Hi all! I am a physical oceanographer and new in python and I recently watched a tutorial about minimizing the processing time of computationally expensive data (If I understood it correctly) by using dask= “parallelized”.

My issue here is that I am dealing with 4D (sliced) files of dimensions:[time,depth,lat,lon] = [365,32,56,48]. I discovered 2 ways of handling the data:

A) The “lazy” xarray reading of data like this:

temp= xr.open_dataset(’/home/directory/T_2011_2D.nc’)[‘votemper’][:,:,:,:] , where ipython reads the file instantly but later on when I want to use temp e.g. in a for loop, it takes ages.

B) The very slow xarray reading of data like this:

temp[:,:,:,:]= xr.open_dataset(’/home/directory/T_2011_2D.nc’)[‘votemper’][:,:,:,:], where ipython takes too much time to open/read/load the temperature values but then, processing temp e.g in a for loop, takes only a minute.

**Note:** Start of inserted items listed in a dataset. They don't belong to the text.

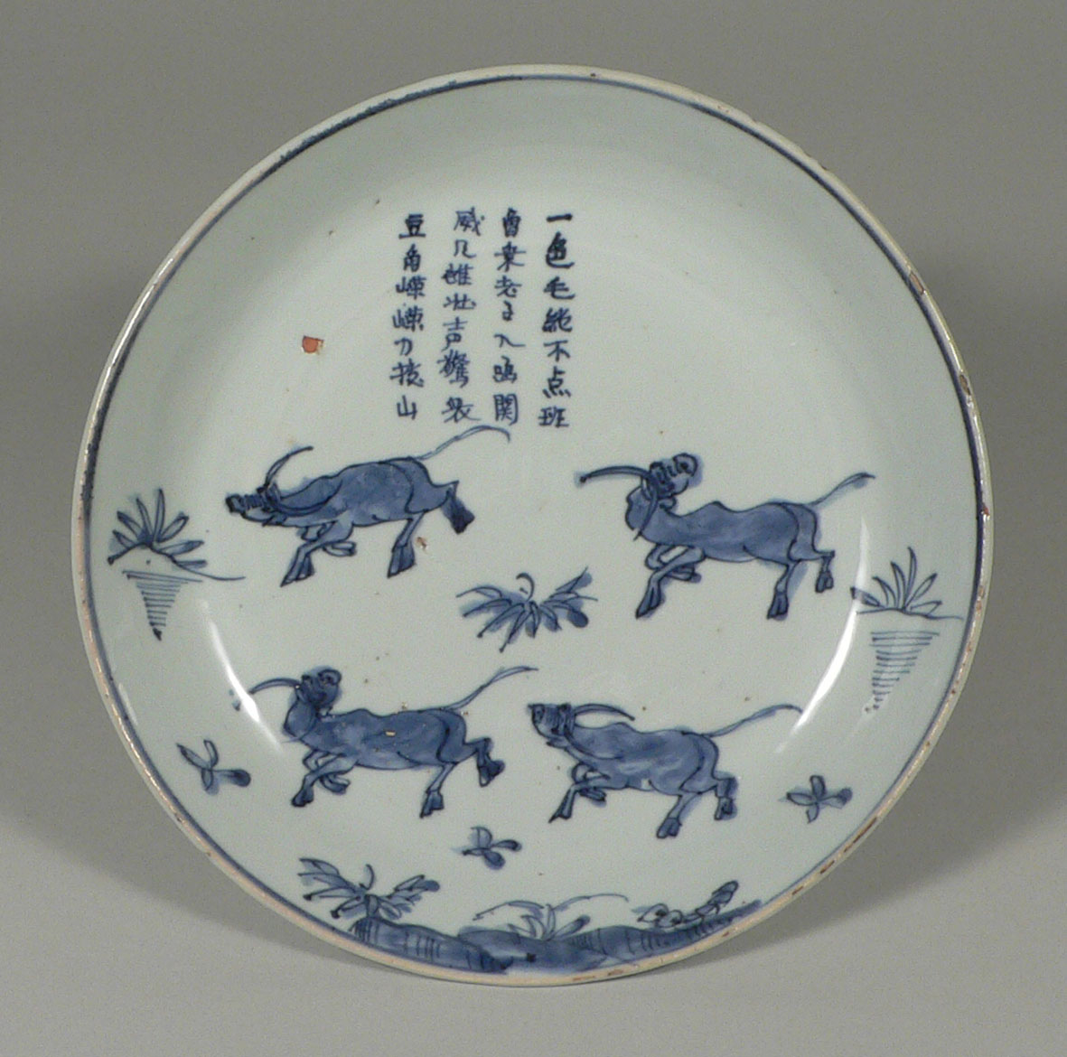コバルトを含んだ青く発色する顔料を用い、軽妙な筆致で放牧された水牛が愛らしく描かれています。牧牛図は中国や日本の水墨画にも描かれた画題であり、画面上部には水墨画と同様に漢詩が添えられています。
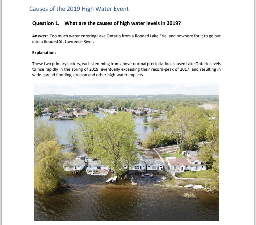 New background paper on High Water in 2019 from Lake Ontario-St. Lawrence River Bd: Why it flooded in 2019, why
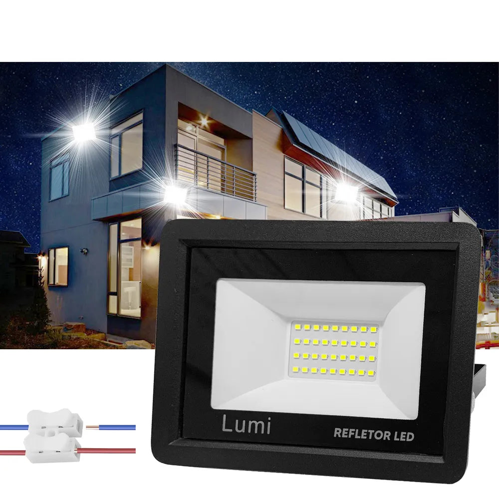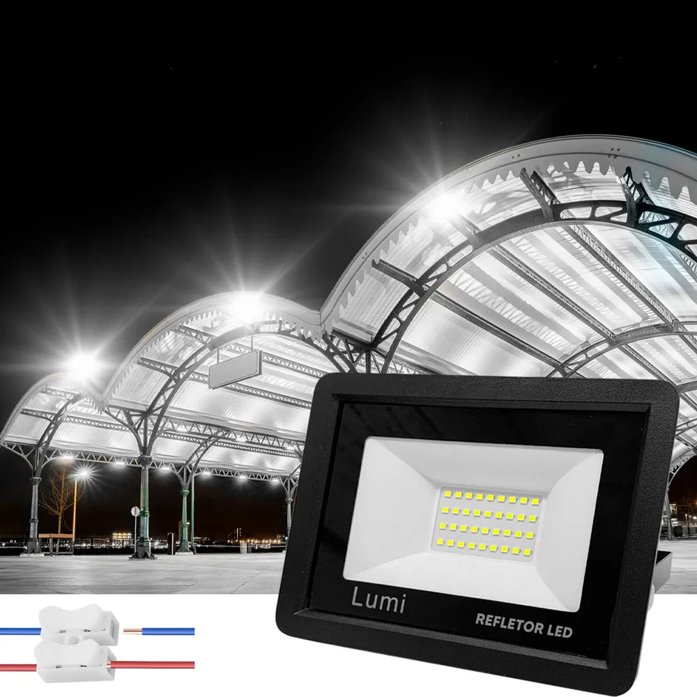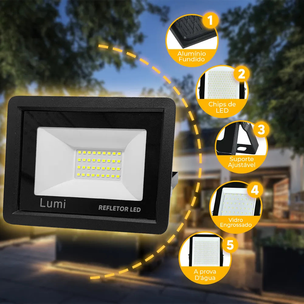 Refletor super LED 100W holofote bivolt 110V/220V prova d'água branco frio Lumi premium. Este refletor SMD se difere dos outros modelos comuns justamente por conta de que seus leds são soldados individualmente na mesma placa, tornando a iluminação mais espalhada e uniforme Sua instalação é feita por meio da fixação da haste que acompanha o refletor Ideal para iluminações externas, sendo, residenciais, empresariais, comerciais na parede, chão ou teto ,canteiro de obras, armazéns e jardins
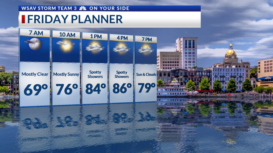 Friday will begin with mostly clear skies after sunset, with temperatures in the 60s inland and lower 70s along the coast. By the afternoon, temperatures are expected to rise into the mid to upper 80s.
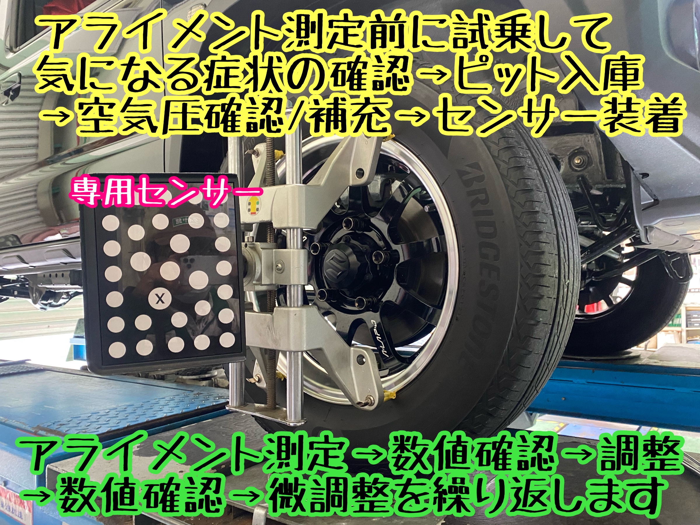 アライメント測定→数値確認→調整
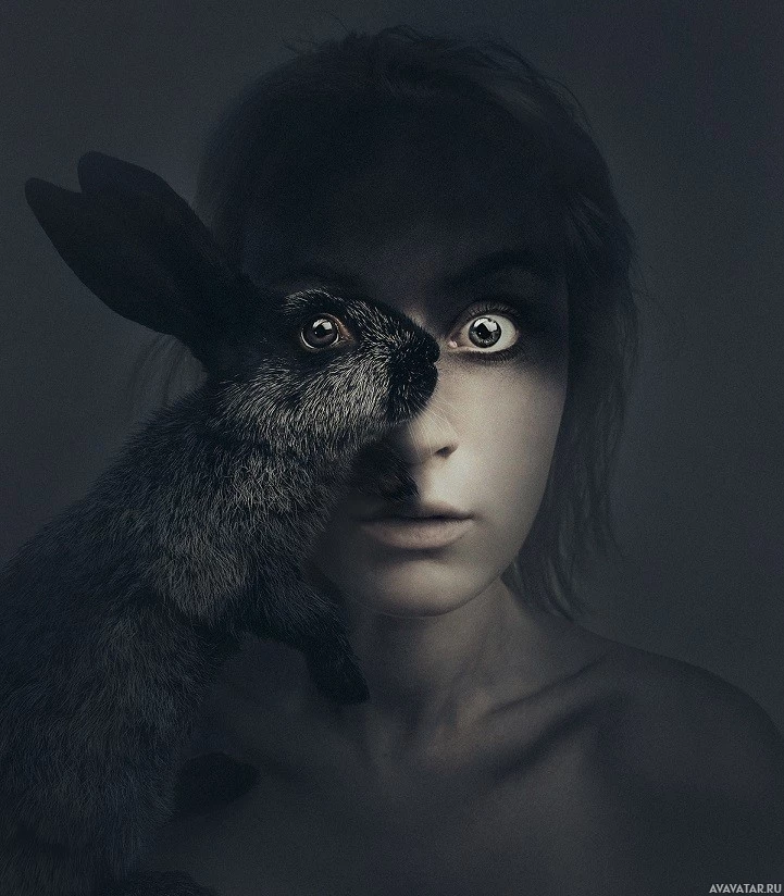 животные | Красивые авы с животным | Animals | Фантастическая сцена с молодой девушкой и зайцем
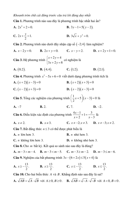 Câu 1. Phương trình nào sau đây là phương trình bậc nhất hai ẩn? A. 2 2x 2 0.
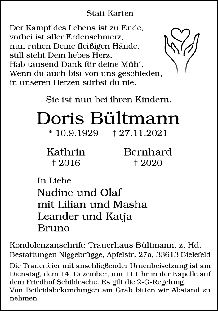 Hier finden Sie alle Traueranzeigen aus der Zeitung, die bisher für Doris Bültmann erschienen sind. Weitere Traueranzeigen, die in der Zeitung erscheinen, werden hier ebenfalls aufgelistet
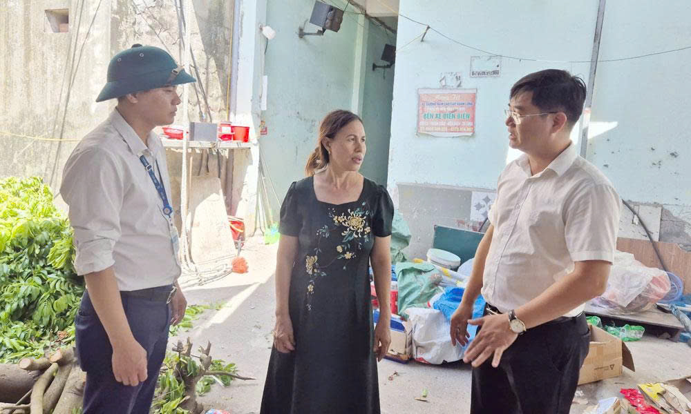 សមមិត្ត Le Hoang Bach ប្រធានគណៈកម្មាធិការប្រជាជនសង្កាត់ Nenh (ស្តាំស្តាំ) បានពិភាក្សា និងចាប់យកអនុសាសន៍ និងសំណើរបស់ប្រជាជន។ |
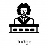 Ikona sędziego. Modny nowoczesny płaskim liniowe wektor sędzia ikona na białym tle z prawa i Sprawiedliwości z kolekcji cienka linia, edytowalne konspektu udar wektor ilustracja
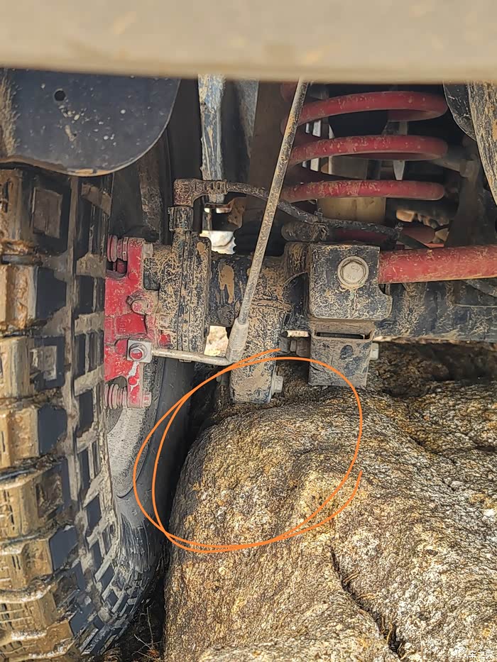 顺便说一下左前轮其实也没有附着力,只有一个小石头顶住,根本使不上力,图片里看不出来,其实已经接近空转的状态
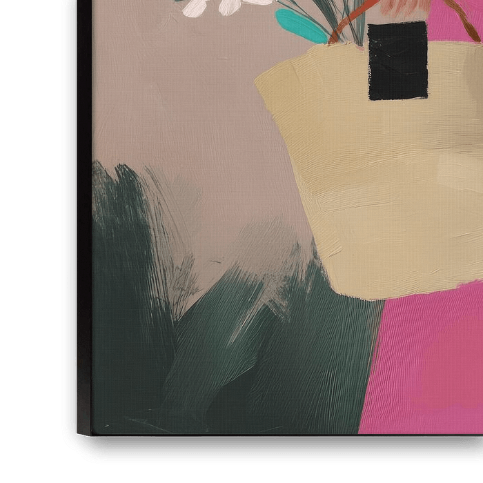 Sometimes beauty is in the smallest gesture. In this work, you see a hand holding a basket with a colourful bouquet - no excess, no fuss. The background is soft and warm, the flowers speak for themselves. This is an ode to tenderness, attention and those moments when you sneak a pause. Perfect for those who love understated art with feeling combined with distinct, eclectic colours.
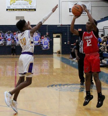 Bradford’s Caiden Carn (right) attempts a three-point shot over Lake Butler’s A.J. Chandler. Photo by Cliff Smelley.

Now I am not sure if there is a solution to this problem but recently I learned about the dask=“parallelized” function and some high-order programming that could potentially offer a compromise in the time that ipython takes to read & process the large dataset (because I have to repeat the same procedure for 7 other variables of the same dimension and throughout many boxes in the ocean).

The example of for loop is like this:

mld2d = np.asarray(MLD) ##make it a numpy array

depths2 = np.asarray(depths)

depths2d = np.tile(depths2[:,None,None],(1,len(latp[:])+2,len(lonp[:])+2)) ## 3D (depth,lat,lon)

idx2dT = np.nan*np.zeros(temp[:,0,:,:].shape)
idx2d = np.nan*np.zeros(mld2d[:,:,:].shape)

depthsmask = np.nan*np.zeros(depths2d[:,:,:].shape)

depthsmask = depths2d[:,:,:]*maskfile2[:,:,:]

for day in range(0,len(time)):

for j in range(0,len(latp)):

for i in range(0,len(lonp)):

if np.isnan(mld[day,j,i]):

idx2dT[day,j,i] = np.nan

else:

idx2dT[day,j,i] = np.abs(depthsmask[:,j,i]-mld2d[day,j,i]).argmin()

Can anyone help me with this?

Thank you in advance for your time and help,

Kind regards,

Sofi